GIVEN INFORMATION

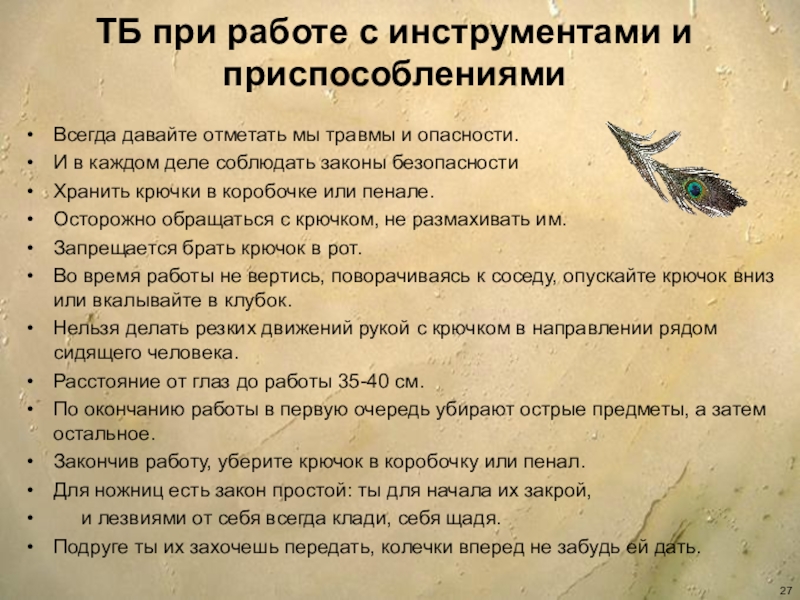 Слайд 27 ТБ при работе с инструментами и приспособлениями
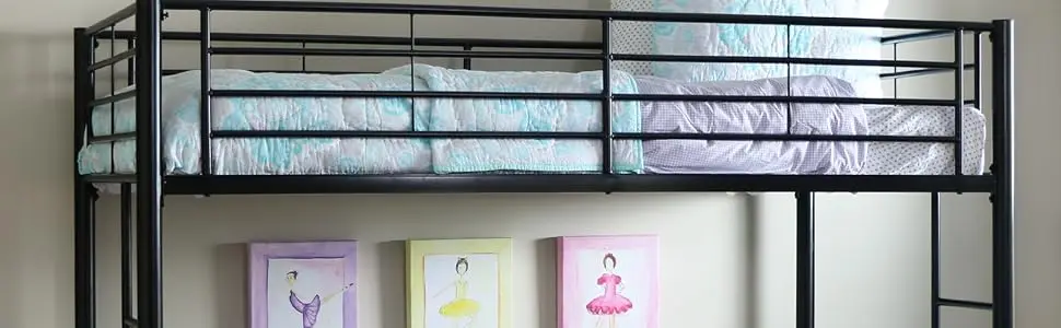 this great lofted twin bed to create space for your home office, craft room, gaming corner, or DJ equipment. The simple silhouette matches any style, so you can tailor your interior design to show off your personality. And if this purchase is for the kids, sleep soundly knowing they are protected by full length guardrails and two integrated ladders for safe climbing.
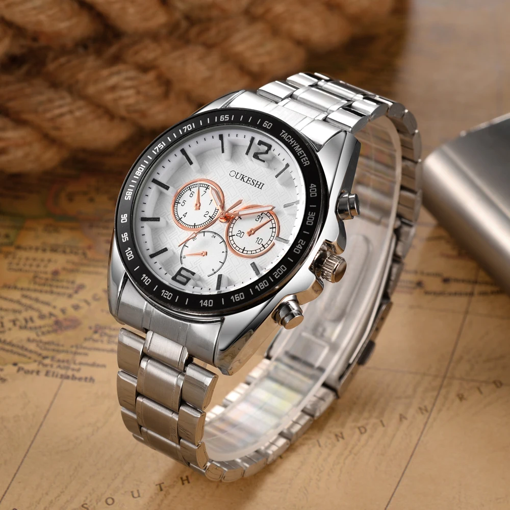 (0% Off) Comprar OUKESHI Aço Inoxidável Quartz Men Watch New Fashion Boutique De Negócios Do Esporte Militar Relógio Pulso Casual Relógios Relogio Feminino Baratas Online Preço

TASK STATEMENT
Take the material above and set it down exactly, minus the images.

SOLVED EXERCISE
 Слайд 27 ТБ при работе с инструментами и приспособлениями
 this great lofted twin bed to create space for your home office, craft room, gaming corner, or DJ equipment. The simple silhouette matches any style, so you can tailor your interior design to show off your personality. And if this purchase is for the kids, sleep soundly knowing they are protected by full length guardrails and two integrated ladders for safe climbing.
 (0% Off) Comprar OUKESHI Aço Inoxidável Quartz Men Watch New Fashion Boutique De Negócios Do Esporte Militar Relógio Pulso Casual Relógios Relogio Feminino Baratas Online Preço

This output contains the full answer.